*PROBLEM STATEMENT*: Would you transcribe the listing that follows word for word, skipping pictures?

____

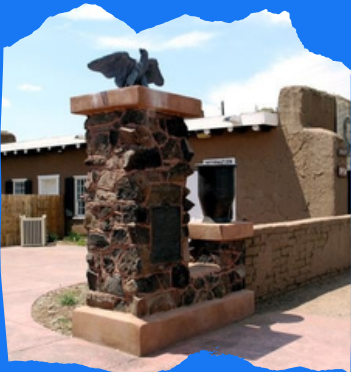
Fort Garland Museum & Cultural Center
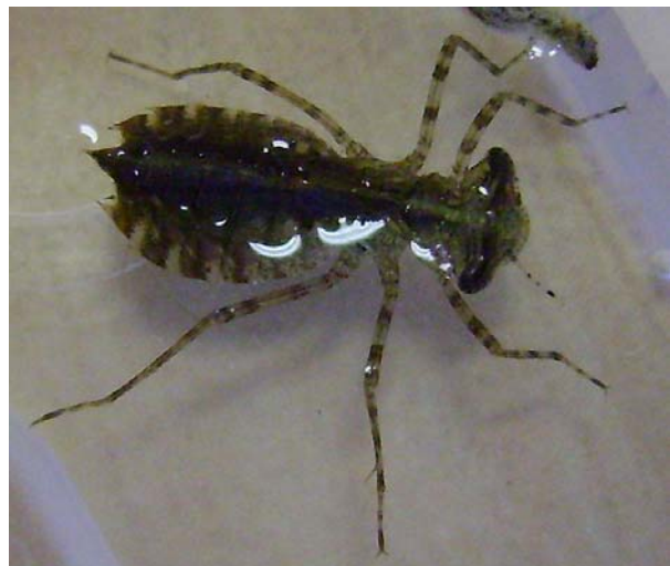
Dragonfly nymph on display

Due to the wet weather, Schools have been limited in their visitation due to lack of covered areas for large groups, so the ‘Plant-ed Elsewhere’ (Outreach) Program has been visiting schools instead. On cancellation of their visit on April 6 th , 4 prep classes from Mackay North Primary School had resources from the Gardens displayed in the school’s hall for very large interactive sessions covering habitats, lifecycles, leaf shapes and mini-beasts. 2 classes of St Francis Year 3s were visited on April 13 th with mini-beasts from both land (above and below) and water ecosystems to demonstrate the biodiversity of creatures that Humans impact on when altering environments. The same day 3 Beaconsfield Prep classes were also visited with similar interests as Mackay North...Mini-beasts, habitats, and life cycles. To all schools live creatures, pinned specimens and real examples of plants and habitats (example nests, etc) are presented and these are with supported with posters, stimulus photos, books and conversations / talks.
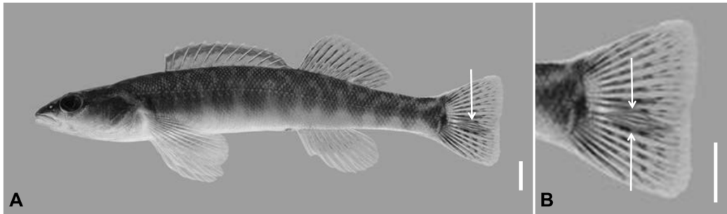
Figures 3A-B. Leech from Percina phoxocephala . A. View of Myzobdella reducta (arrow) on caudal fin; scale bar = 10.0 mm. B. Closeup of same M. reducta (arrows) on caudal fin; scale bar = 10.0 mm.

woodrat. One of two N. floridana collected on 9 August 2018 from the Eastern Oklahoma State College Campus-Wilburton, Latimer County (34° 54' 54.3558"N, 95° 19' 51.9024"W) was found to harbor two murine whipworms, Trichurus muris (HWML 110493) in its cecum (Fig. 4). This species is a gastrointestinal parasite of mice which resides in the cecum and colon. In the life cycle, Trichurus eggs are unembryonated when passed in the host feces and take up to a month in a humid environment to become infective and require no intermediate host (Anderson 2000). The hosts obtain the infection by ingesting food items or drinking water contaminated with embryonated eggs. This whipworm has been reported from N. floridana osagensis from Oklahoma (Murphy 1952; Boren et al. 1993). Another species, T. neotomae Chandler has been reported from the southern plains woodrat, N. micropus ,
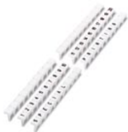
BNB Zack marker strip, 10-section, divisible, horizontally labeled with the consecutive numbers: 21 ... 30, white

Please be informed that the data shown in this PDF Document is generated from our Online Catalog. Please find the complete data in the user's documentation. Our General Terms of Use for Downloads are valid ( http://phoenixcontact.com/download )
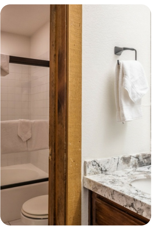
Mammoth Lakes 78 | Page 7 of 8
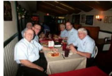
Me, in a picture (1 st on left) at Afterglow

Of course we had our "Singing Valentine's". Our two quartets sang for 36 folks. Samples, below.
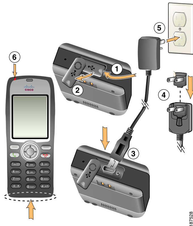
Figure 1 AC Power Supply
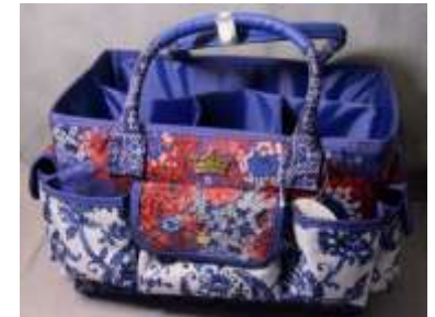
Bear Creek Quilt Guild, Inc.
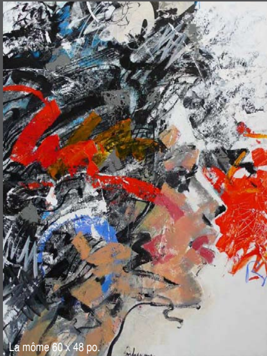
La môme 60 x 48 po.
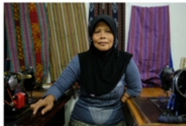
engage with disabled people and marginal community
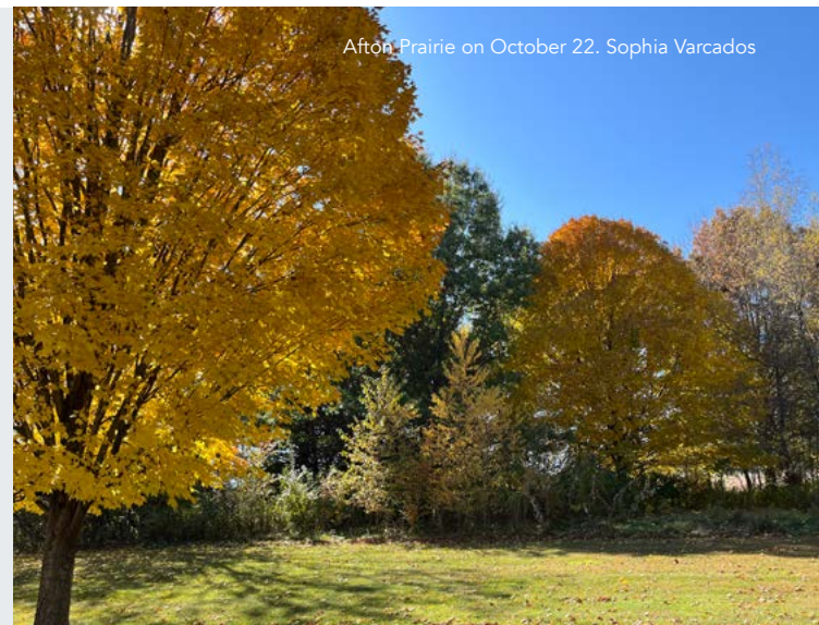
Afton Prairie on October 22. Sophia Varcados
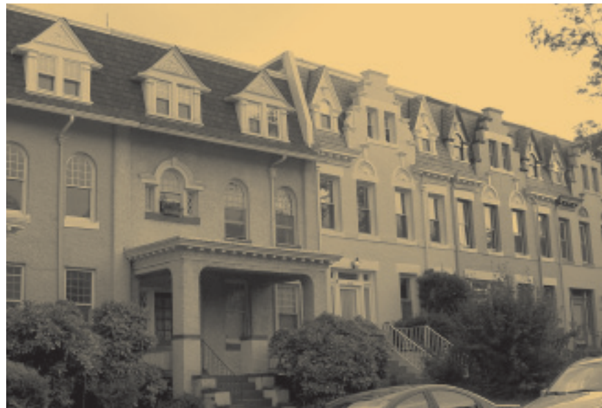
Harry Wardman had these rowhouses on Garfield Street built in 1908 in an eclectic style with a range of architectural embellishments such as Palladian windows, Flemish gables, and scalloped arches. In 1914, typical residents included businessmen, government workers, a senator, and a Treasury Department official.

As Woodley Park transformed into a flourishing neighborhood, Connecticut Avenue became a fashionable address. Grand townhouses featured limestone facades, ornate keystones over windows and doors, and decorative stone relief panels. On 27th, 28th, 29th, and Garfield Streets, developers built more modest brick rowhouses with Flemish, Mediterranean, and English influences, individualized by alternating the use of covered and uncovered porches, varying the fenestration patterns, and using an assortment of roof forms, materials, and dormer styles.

____

*RESPONSE TO THE EXERCISE*:
Fort Garland Museum & Cultural Center
Dragonfly nymph on display

Due to the wet weather, Schools have been limited in their visitation due to lack of covered areas for large groups, so the ‘Plant-ed Elsewhere’ (Outreach) Program has been visiting schools instead. On cancellation of their visit on April 6 th , 4 prep classes from Mackay North Primary School had resources from the Gardens displayed in the school’s hall for very large interactive sessions covering habitats, lifecycles, leaf shapes and mini-beasts. 2 classes of St Francis Year 3s were visited on April 13 th with mini-beasts from both land (above and below) and water ecosystems to demonstrate the biodiversity of creatures that Humans impact on when altering environments. The same day 3 Beaconsfield Prep classes were also visited with similar interests as Mackay North...Mini-beasts, habitats, and life cycles. To all schools live creatures, pinned specimens and real examples of plants and habitats (example nests, etc) are presented and these are with supported with posters, stimulus photos, books and conversations / talks.
Figures 3A-B. Leech from Percina phoxocephala . A. View of Myzobdella reducta (arrow) on caudal fin; scale bar = 10.0 mm. B. Closeup of same M. reducta (arrows) on caudal fin; scale bar = 10.0 mm.

woodrat. One of two N. floridana collected on 9 August 2018 from the Eastern Oklahoma State College Campus-Wilburton, Latimer County (34° 54' 54.3558"N, 95° 19' 51.9024"W) was found to harbor two murine whipworms, Trichurus muris (HWML 110493) in its cecum (Fig. 4). This species is a gastrointestinal parasite of mice which resides in the cecum and colon. In the life cycle, Trichurus eggs are unembryonated when passed in the host feces and take up to a month in a humid environment to become infective and require no intermediate host (Anderson 2000). The hosts obtain the infection by ingesting food items or drinking water contaminated with embryonated eggs. This whipworm has been reported from N. floridana osagensis from Oklahoma (Murphy 1952; Boren et al. 1993). Another species, T. neotomae Chandler has been reported from the southern plains woodrat, N. micropus ,
BNB Zack marker strip, 10-section, divisible, horizontally labeled with the consecutive numbers: 21 ... 30, white

Please be informed that the data shown in this PDF Document is generated from our Online Catalog. Please find the complete data in the user's documentation. Our General Terms of Use for Downloads are valid ( http://phoenixcontact.com/download )
Mammoth Lakes 78 | Page 7 of 8
Me, in a picture (1 st on left) at Afterglow

Of course we had our "Singing Valentine's". Our two quartets sang for 36 folks. Samples, below.
Figure 1 AC Power Supply
Bear Creek Quilt Guild, Inc.
La môme 60 x 48 po.
engage with disabled people and marginal community
Afton Prairie on October 22. Sophia Varcados
Harry Wardman had these rowhouses on Garfield Street built in 1908 in an eclectic style with a range of architectural embellishments such as Palladian windows, Flemish gables, and scalloped arches. In 1914, typical residents included businessmen, government workers, a senator, and a Treasury Department official.

As Woodley Park transformed into a flourishing neighborhood, Connecticut Avenue became a fashionable address. Grand townhouses featured limestone facades, ornate keystones over windows and doors, and decorative stone relief panels. On 27th, 28th, 29th, and Garfield Streets, developers built more modest brick rowhouses with Flemish, Mediterranean, and English influences, individualized by alternating the use of covered and uncovered porches, varying the fenestration patterns, and using an assortment of roof forms, materials, and dormer styles.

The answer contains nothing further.